California schools made national headlines this week for finally allowing students inside classrooms for the first time in over a year, but did they really reopen?  

Students, parents, teachers, and community members, who rallied outside the San Diego Education Association headquarters this week demand a real return to school. 

“Going to school and not being able to work with other kids and do hands-on is not real school,” Addison Basquez, a San Diego seventh grader, said of her return to the classroom this week. Her classroom time is limited to two days a week, four hours a day. 

“I had to go to science class and watch videos of a popsicle melting, instead of just doing it hands on,” she added. “That is school for me, every day, Monday and Tuesday.”

Basquez is just one in the growing list of students feeling the toll – educationally and mentally – of continued school closures. Increasingly, researchers are finding that students forced to learn over Zoom or some other online platform are falling behind in core subjects like math and reading, and are experiencing loneliness, anxiety, and stress from the lack of engagement with their peers. 
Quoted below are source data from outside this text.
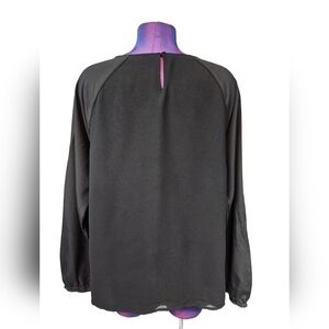 In like new condition Calvin Klein Black Long Sleeve Pleated Chiffon Blouse Size Large Women's.
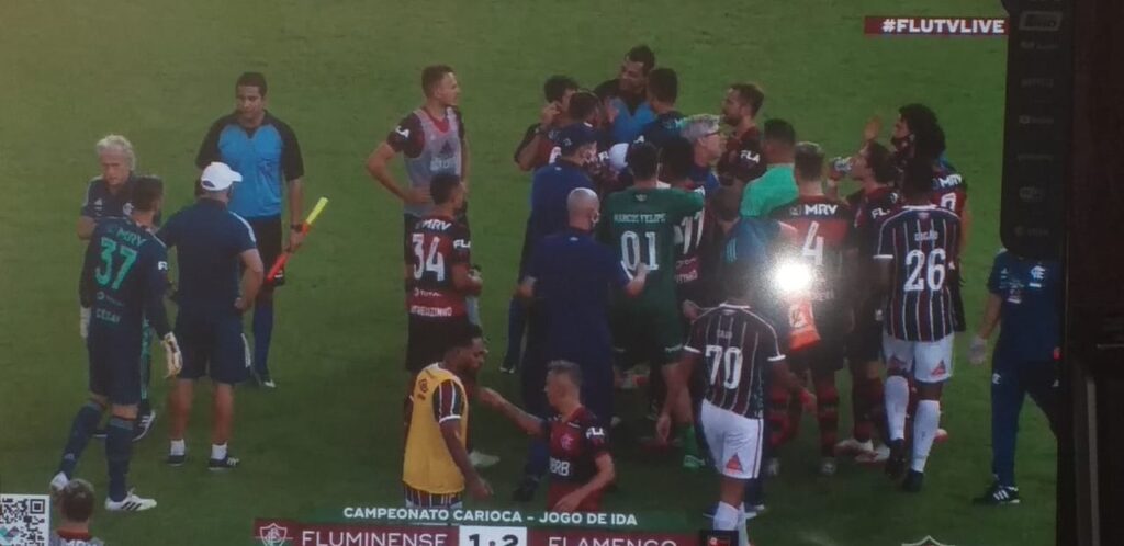 Uma piada isso sim. O que se vê nos campos de futebol são abraços por todos os lados e ninguém se preocupando com o vírus. O protocolo proposto pelos clubes de futebol se cumpriu num primeiro momento e a TV pouco mostrou as comemorações. No clássico de domingo, entre Flamengo e Fluminense, deu para ver muito bem que não existe protocolo em jogos de futebol. Ao final do jogo, os dois técnicos foram para cima da arbitragem para reclamar e com os jogadores juntos, formando uma grande aglomeração. Portanto, o futebol tem aglomeração sim.
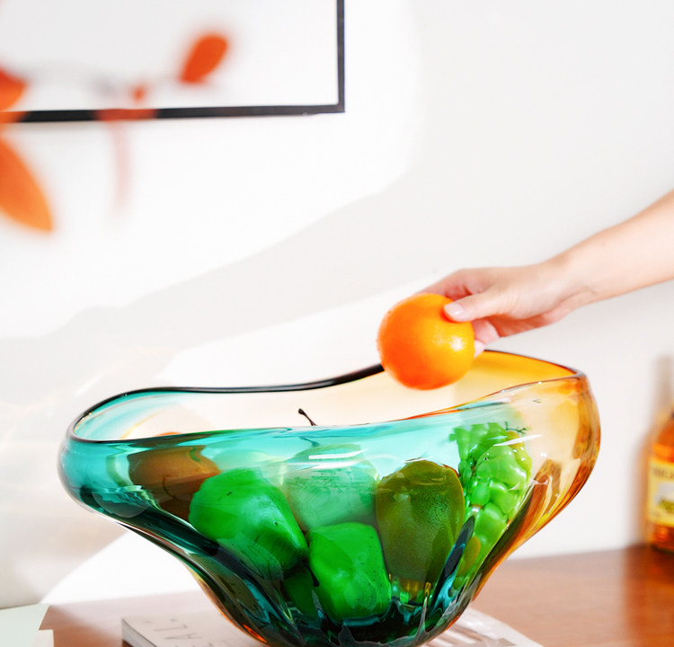 Light-luxury Colorful Glass Fruit Bowl A Stylish Tabletop Organizer For Fruits And Dried Snacks
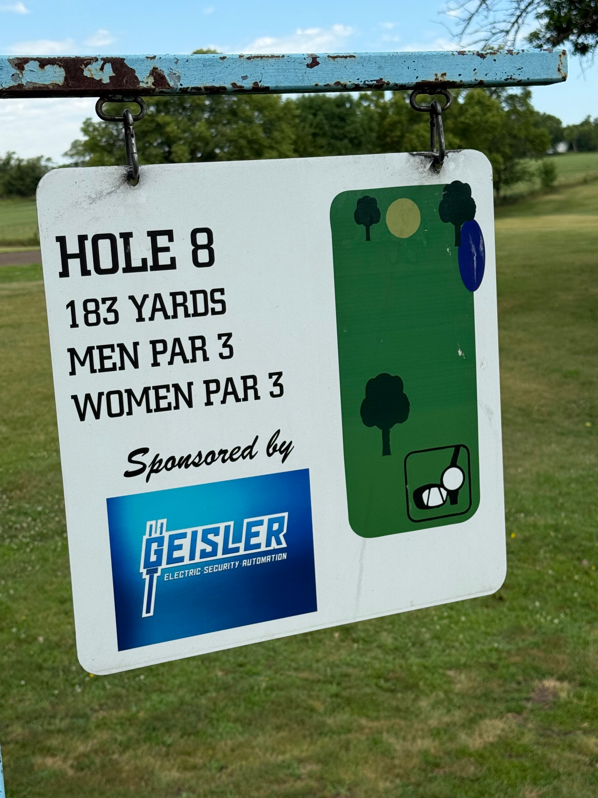 Behind each green stood a painted blue steel pole holding three tools: a very heavy roller, an equally heavy rake and a small cup used to remove water from the hole or to put sand around the cups edge.
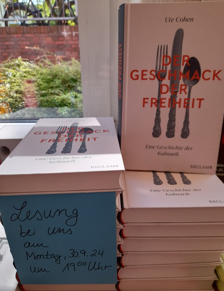 Nicht verpassen: Montag, 30. September 2024. 19:00 Uhr Lesung mit Ute Cohen in der Buchhandlung Almut Schmidt. Hauke Harder spricht mit Ute Cohen, die aus ihrem Buch »Der Geschmack der Freiheit« liest.
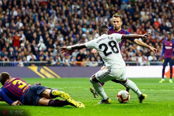 巴萨则在阿图尔的带领下进入了传统的控场节奏,巴西人连续的转身和短传还让人看见了一些哈维的影子。但他毕竟刚刚伤愈,很难立刻就踢满对抗强度很高的国家德比。于是教练巴尔韦德换上了比达尔,带给了维尼修斯和雷吉隆更深的噩梦。
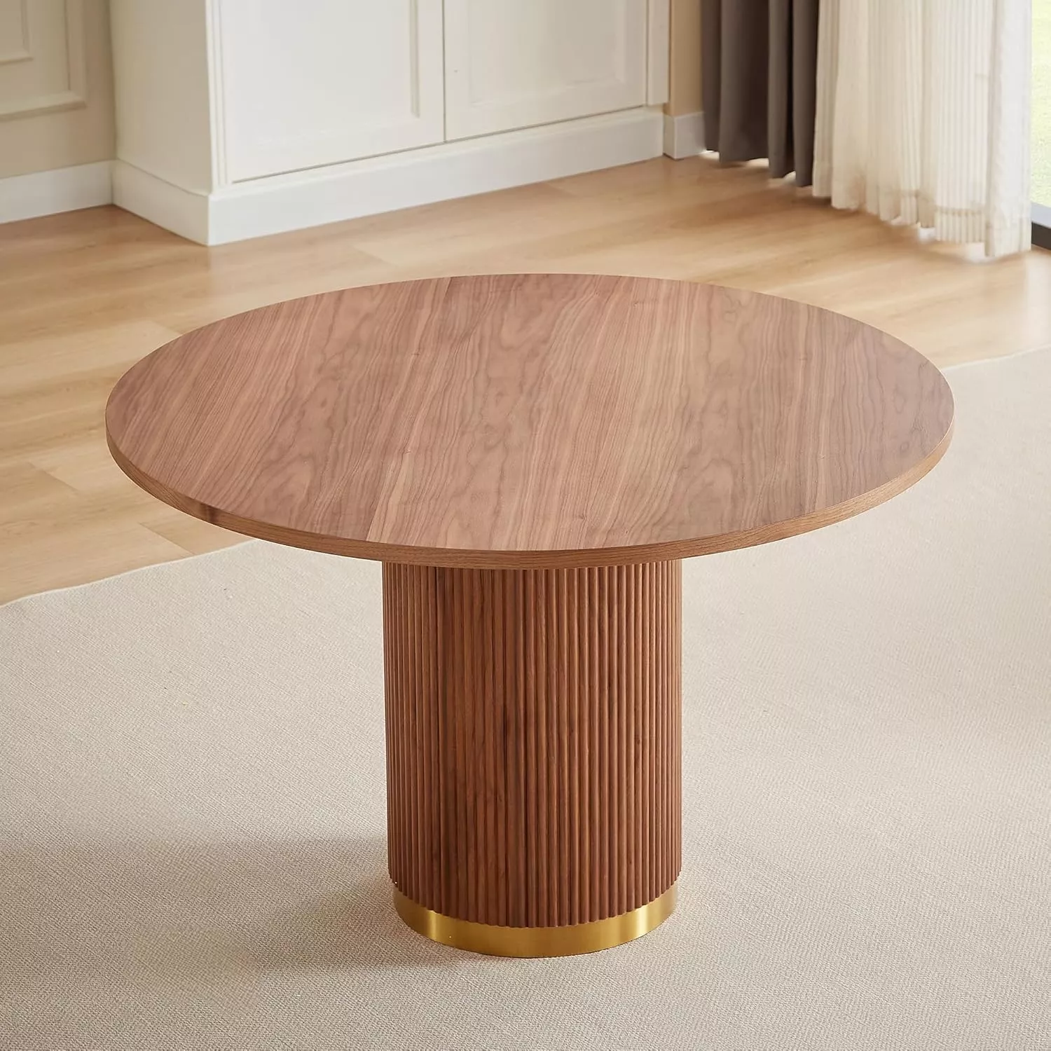 Bring timeless farmhouse beauty and modern design into your home with this 46″ Round Modern Farmhouse Dining Table. Thoughtfully crafted to blend rustic character with sleek detailing, this table creates a cozy yet stylish dining area for family meals, coffee chats, or casual gatherings with friends. The eye-catching ripple base, finished with stainless steel accents, adds a unique sculptural flair, while the warm brown tabletop sets a welcoming tone in your kitchen, dining room, or living space.

This while evidence shows schools can safely reopen, and in fact, many are doing so across the country. 

So why, if students are suffering at home and science confirms a full reopening can be done safely, do California’s largest school districts remain shuttered? Teachers Unions – including the San Diego Education Association – that continue to put their own demands above student needs.

“The teachers’ union does not care about our kids,” said Cecilia Iglesias, executive director of education and community relations at the California Policy Center and founder of the Parent Union. “All they care about is themselves and what’s the benefit for them. It’s time that we as parents and community members tell them, ‘enough is enough. Get out of our way, we want our kids to be in full-time instruction, five days a week.’” 

Other rally participants echoed Iglesias.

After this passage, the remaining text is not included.